La guerra delle oche fa crollare Moncler: Report affossa il brand

Report accusa, Moncler si difende: da un’inchiesta scaturisce una sequenza di insinuazioni e un noto marchio italiano risponde. E’ la guerra delle oche, delle piume, se vogliamo entrare nel merito della questione che ha prodotto un corto circuito, in termini di tweet, opinioni, indignazione che non accenna a placarsi. Il noto programma condotto da Milena Gabanelli, andato in onda domenica sera sulla Rai Tre di Andrea Vianello, ha diffuso un filmato sui gravi maltrattamenti causati alle oche per riempire i famigerati piumini che occupano i nostri armadi e Moncler, marchio di tendenza e ormai famoso in tutto il mondo, finisce in mezzo alla bufera. Polemica alimentata anche dall’esternazione su Twitter di Stefano Gabbana.

Un comunicato fermo e netto viene diffuso da parte della nota azienda. "Moncler, a seguito della trasmissione di Report di domenica 2 novembre, specifica che tutte le piume utilizzate in Azienda provengono da fornitori altamente qualificati che aderiscono ai principi dell’ente europeo EDFA (European Down and Feather Association), e che sono obbligati contrattualmente a garantire il rispetto dei principi a tutela degli animali, come riportato dal codice etico Moncler (consultabile sul sito http://www.monclergroup.com sezione governance al punto 6.4).

Tali fornitori sono ad oggi situati in Italia, Francia e Nord America. Non sussiste quindi alcun legame con le immagini forti mandate in onda riferite a allevatori, fornitori o aziende che operano in maniera impropria o illegale, e che sono state associate in maniera del tutto strumentale a Moncler. Per quanto riguarda la produzione, Moncler conferma, come già ha comunicato inascoltata a Report, che produce in Italia e in Europa: in Italia quantità limitate, e in Europa nei luoghi deputati a sostenere la produzione di ingenti volumi con elevato know-how tecnico che garantisca la migliore qualità riconosciuta a Moncler dai consumatori. Moncler non ha mai spostato la produzione come afferma il servizio, visto che da sempre produce anche in Est Europa. In Italia ha mantenuto collaborazioni efficienti con i migliori laboratori".

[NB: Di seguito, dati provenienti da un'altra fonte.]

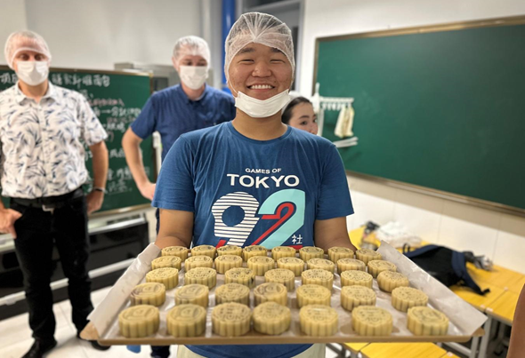 9月13日,中国传统节日——中秋节前夕,为丰富bat365外籍师生的校园文化生活,使外籍师生进一步了解并体验中国传统文化,国际交流与合作处在淄博校区面点加工实训室组织了外籍师生“手作月饼 共庆中秋”活动。来自波兰、巴基斯坦、蒙古等国家的10余名在校外籍师生、辅导员及部分中国学生参加了此次活动。
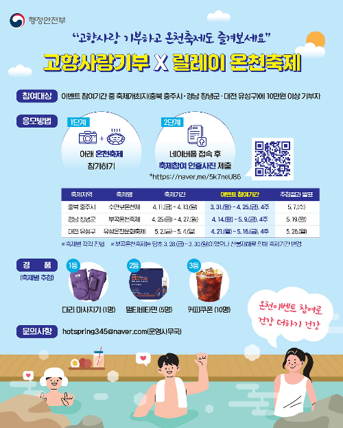 올봄, 충주·창녕·유성의 따뜻한 온천에서 몸도 마음도 힐링해보세요. 지역을 살리고 나도 즐거운 고향사랑기부X온천축제 릴레이 이벤트에 지금 바로 참여해보세요!
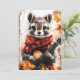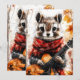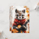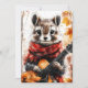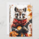 Un chipmunk con una bufanda roja toca una guitarra entre las hojas de otoño. Las acogedoras vibraciones del bosque le dan un encanto animal divertido.
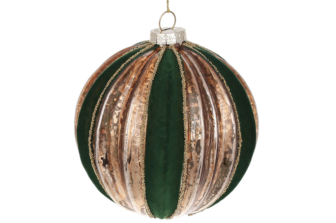 Ялинкова куля рельєфної форми з декором з оксамиту 10см, колір - темно-зелений з античним золотом
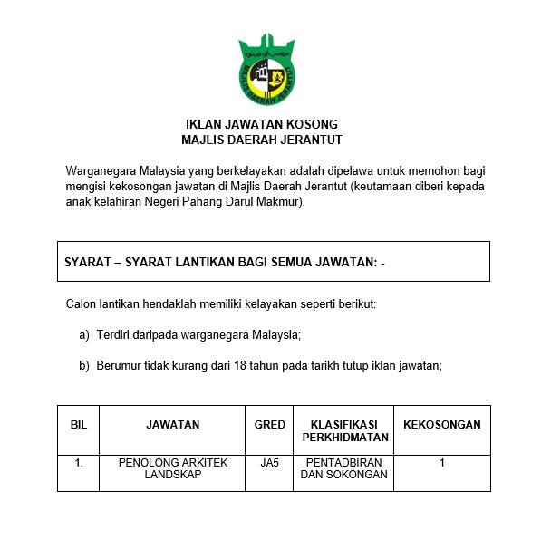 Iklan Kini Jawatan Kosong Majlis Daerah Jerantut Klik Jawatan Disini Like serta Ikut Facebook Kami, follow Chanel WhatsApp Jawatan Kosong & Telegram Portal SPA9 untuk capaian pantas kekosongan jawatan daripada kami sekarang.
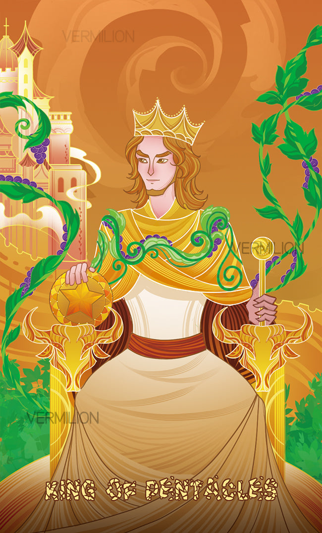 The King enjoys living in the garden. The pentacle represents material wealth; the wand represents authority. The King embodies both leisure and power.
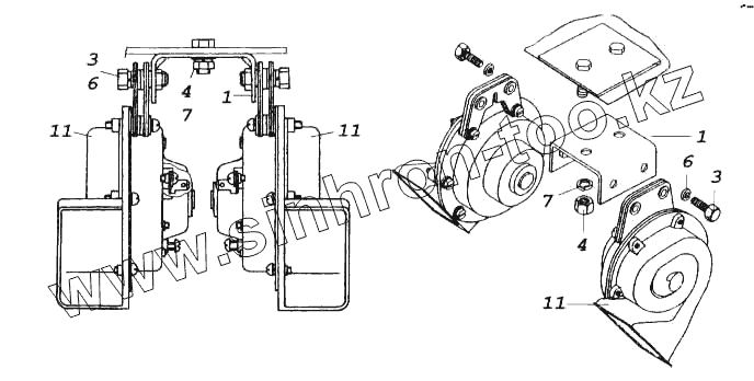 Каталог запасных частей к технике: Камский автозавод 5460. Установка звуковых электрических сигналов
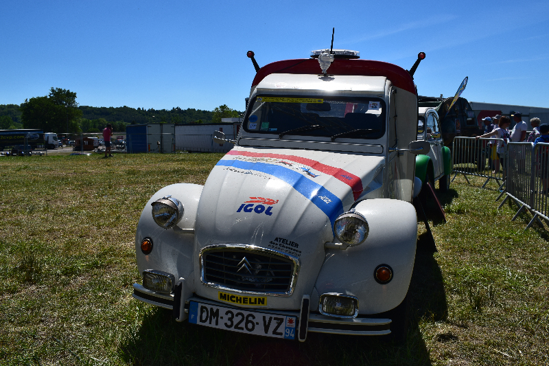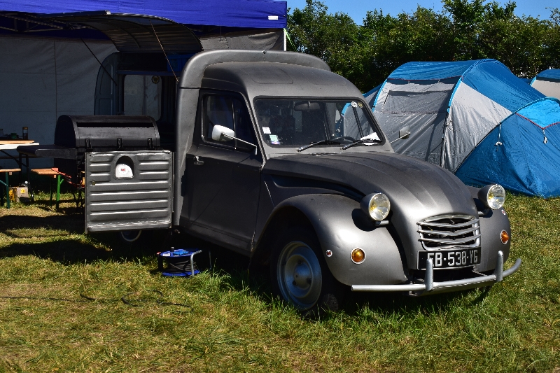 La 2 CV 6 bleue, deuxième à gauche du barnum rouge et blanc... :mdr:
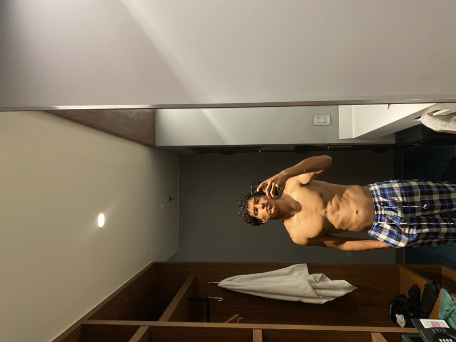 A shirtless man in blue and white plaid pajama pants takes a mirror selfie. He's in a hotel room with gray walls and wooden shelving holding a white towel and other items. A small, round light is visible on the wall near the shelving. An electrical outlet is also visible on the wall next to an open doorway leading to another area of the room. The mirror reflects the hallway and ceiling.
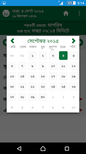 - See prayer times. Today's time is shown by default. You can search for prayer time any day of any year.
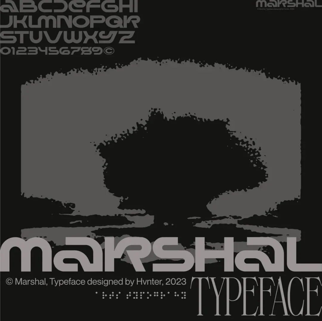 【免费下载】复古Y2K抽象艺术无衬线赛博科技西文装饰排版logo标题字体HVNTER – Marshal Typeface-第5155期-

A fornire un nuovo spunto polemico, come anticipato, ci ha pensato anche Stefano Gabbana, il quale dal suo account Twitter, ha lanciato la sua personale invettiva contro l’inchiesta con l’oramai noto: "Ma voi sapete cos’è il lusso???". La polemica scaturita ha leggermente spostato il suo baricentro, senza esaurirsi.

L’immagine del brand è, a giorni di distanza, talmente compromessa che le conseguenze in Borsa sono tutt’oggi devastanti. Nonostante le ripetute smentite, a Piazza Affari la fiducia calante degli investitori arrivando a perdere il 4,88%. Secondo gli analisti di Intermonte, citati dall’agenzia Ansa "il marchio Moncler è stato più volte citato nel corso del programma", circostanza che può aver fatto una "pubblicità negativa al brand sulla clientela italiana", e tra gli animalisti.

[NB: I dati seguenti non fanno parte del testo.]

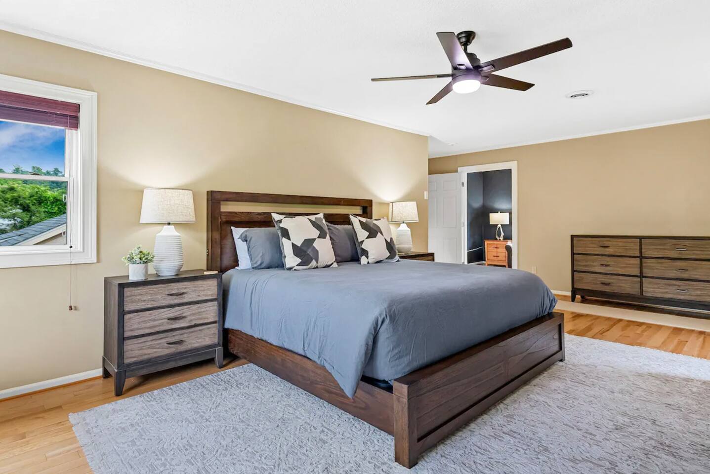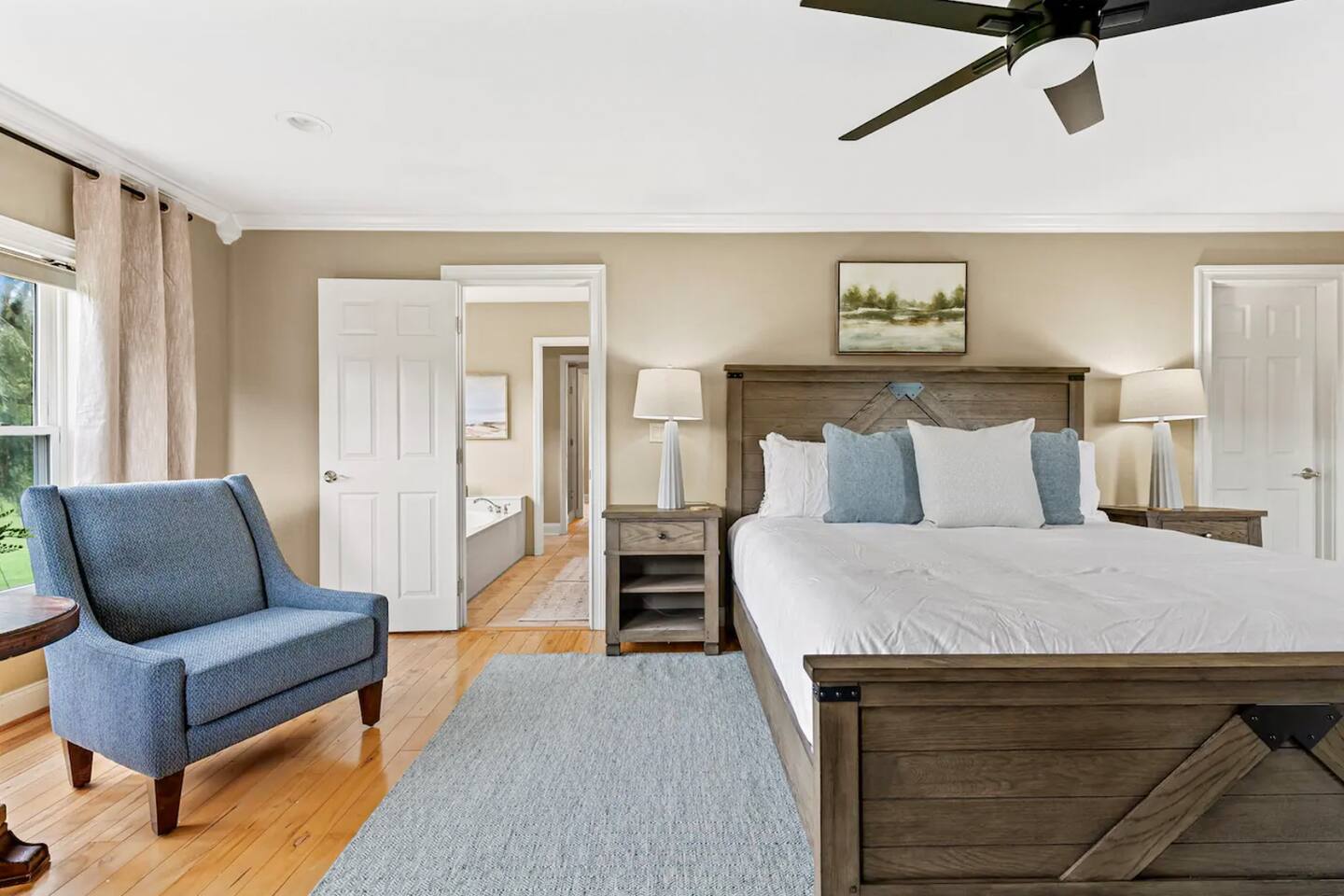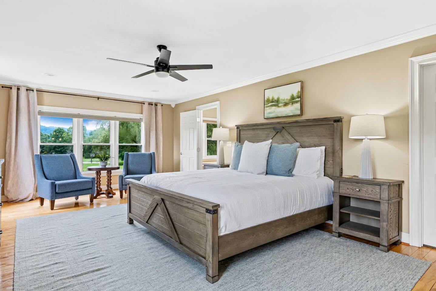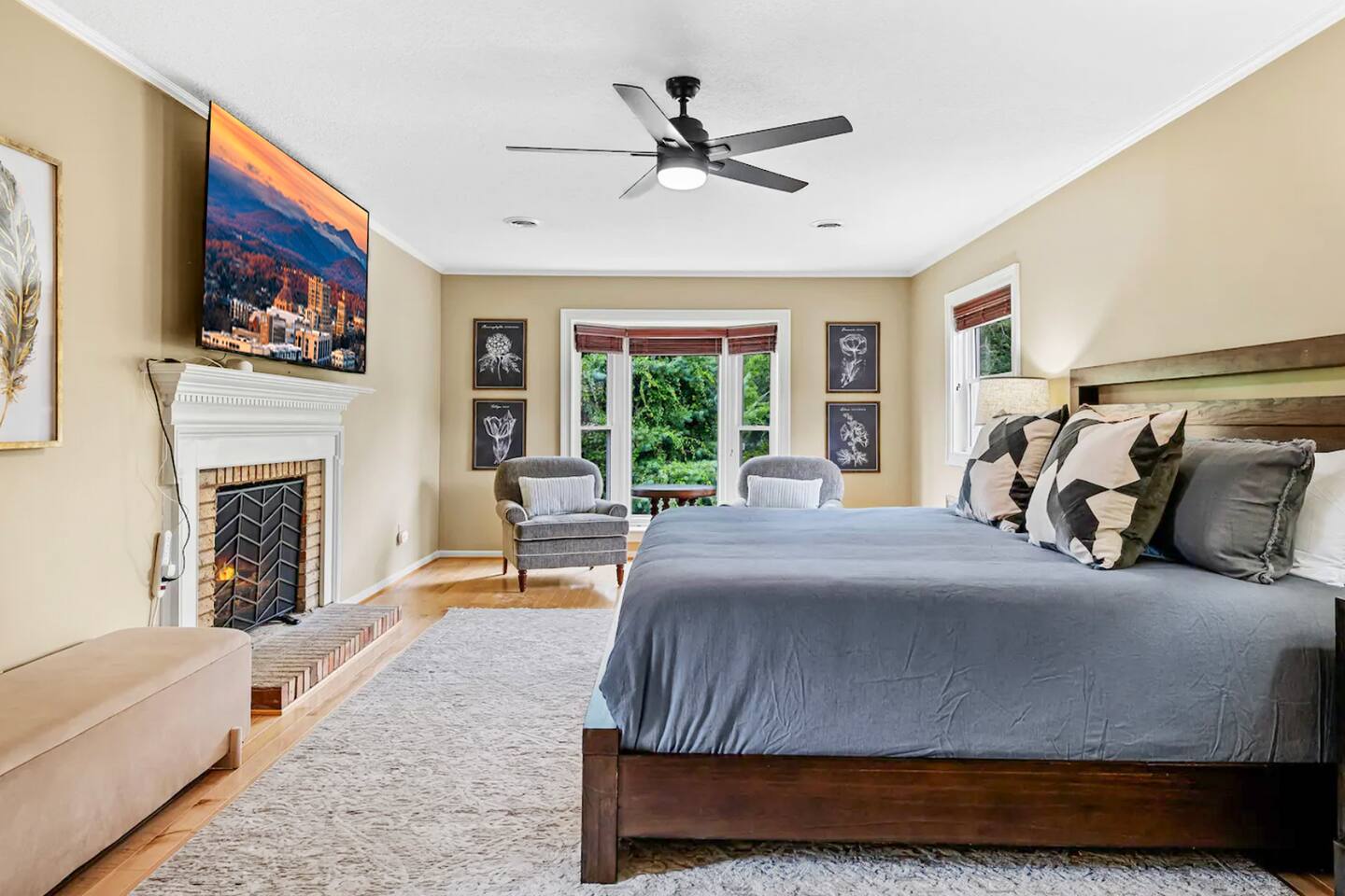 * Second Primary Suite (Bedroom #3): King bed, wood-burning fireplace, and en-suite bathroom.

Non meno incisive sono le conseguenze, in termini di brand reputation, sui socal media. Caffeina ha monitorato l’impatto che il servizio di Report "Siamo tutti oche", ha prodotto su Facebook, Twitter e Google.

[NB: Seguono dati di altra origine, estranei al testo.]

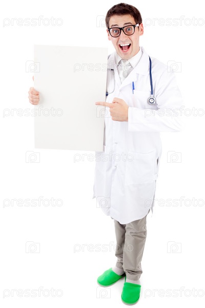 Мужчина-врач указывает пальцем на пустой плакат
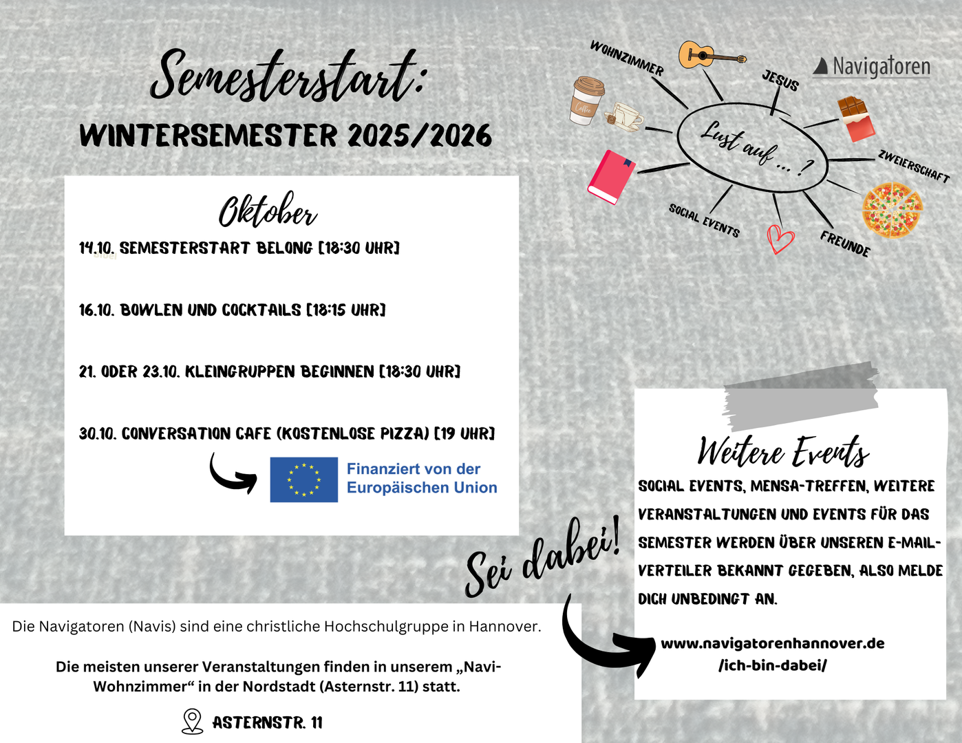 Schreib uns Deine E-mail Adresse und wir schicken Dir eine Mail mit den nächsten Terminen und Treffpunkten unserer Kleingruppen. Diese werden wöchentlich im Navi-Verteiler rum geschickt.
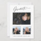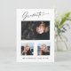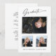Tres tarjetas de invitación de graduación de moda, modernas y elegantes, con elementos de diseño de texto moderno con escritura caligráfica de tinta. Las fotos de graduación en la parte delantera de la tarjeta se resaltan con un delicado y minimalista gradiente. La parte posterior de la tarjeta ofrece espacios de texto personalizados para obtener información sobre su graduación o puede ser borrado si desea escribir un mensaje a mano. Negro y blanco o personalizar fácilmente el fondo para que coincida con el color primario de su escuela o cualquier color de su elección. Perfecto para estudiantes de secundaria, universitarios y universitarios.
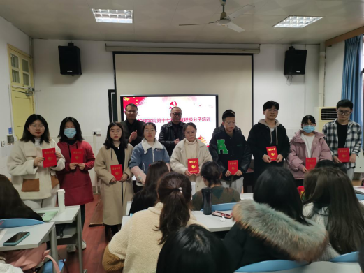 首先,副书记彭建南宣读入党积极分子优秀学员名单。随后,陈晓坚、彭建南为娄晓强、周阳、郑海欣等九名同学颁发优秀学员证书。紧接着,优秀学员代表娄晓强进行发言,他向在座的全体积极分子分享自己的学习收获,以及自身努力的方向。他表示,作为新时代青年大学生,应该坚定理想信念,注重将思想认识和理论实践相结合,不断提高自身素养。

Sul social di Mark Zuckerberg, la pagina ufficiale del brand è stata subissata di post offensivi, attacchi e critiche al trattamento riservato agli animali e alla scelta di produrre all’estero. Le reazioni a ogni messaggio sono letteralmente schizzate alle stelle, passando da una media di 30 commenti al giorno nei post di ottobre a un picco di più di 1.800 per quello pubblicato il 2 novembre.
 
La situazione non cambia al mutar di social: Twitter, spesso ingeneroso ed eccitato da news negative i numeri risultano ancora più significativi: Moncler da poche decine al giorno di ricerche durante il mese di ottobre è passato a più di 3.000 del 3 novembre, con frequenti richiami al boicottaggio.
 
Gli effetti si sono sentiti anche sulle SERP di Google, che già il 2 novembre ha indicizzato un picco di risultati correlati a Moncler, pari al triplo dell’andamento normale. L’impatto subìto da Moncler è serio e profondo, nonostante la pubblicazione di comunicati stampa circostanziati, e siamo probabilmente ancora all’inizio, con Moncler che ha dato mandato ai suoi legali per tutelarsi in tutte le sedi.